Remember we spoke about those 17 instructions which couldn’t be emulated by a VM. Guess what?? If you can write code which emulates some of those and the code runs you’re probably on a real system. If it doesn’t run then you’re inside a virtual machine. This is very complex to do but if it’s possible then you can rest assure that someone out there is trying to do this. In fact there have been plenty of theories (as of now) on how to achieve this. I’ll give you some links to look at in the Reference section.

Conclusion

Virtualization is an excellent technology if you’re testing things. Its probably most widely used for Malware analysis though corporates are nowadays buying just 1 high end server fitted with truckloads of RAM and running their applications and even domain controllers in virtualized environments. VMWare is the most popular virtualization software that’s used right now – it uses the full virtualization approach. The Open Source community is associated with Xen – and it used a Paravirtualization approach. However rest assured, please do not treat it as a magic bullet. It is only as secure as your host OS itself.
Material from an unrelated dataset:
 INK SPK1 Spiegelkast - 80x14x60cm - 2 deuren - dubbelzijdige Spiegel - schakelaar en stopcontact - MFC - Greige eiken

So those good old best practices of defense in depth still stand. Well written security policies, secure rulebases, monitoring, LAN segregation – all those are still very much the key to a relatively secure environment. But virtualization does give you that extra layer of security – for now. There have been exploits on these products as well but they are relatively few. So as long as you implement VM’s well and don’t leave Guest OS images around loosely, virtualization is great and very useful.

I think I’ve touched on too many things in one article and not gone too deep into anything thus leaving you unsatisfied. My apologies for that – but its hard to cover every single detail in a five-pager, specially on a subject as vast as this. Maybe someday later I’ll go a bit deeper into the technology and we could take a look at how exactly we could handle the problems of virtualization. Hope you enjoyed this introductory article though.

References

  1. Virtualization - Wikipedia
  2. VMM-usenix00-0611
  3. Virtualizing I/O Devices on VMware Workstation’s Hosted Virtual Machine Monitor
  4. Red Pill… or how to detect VMM using (almost) one CPU instruction
  5. A Choices Hypervisor on the ARM architecture
  6. VMware Multiple Denial Of Service Vulnerabilities
  7. Can Operating Systems tell if they’re running in a Virtual Machine?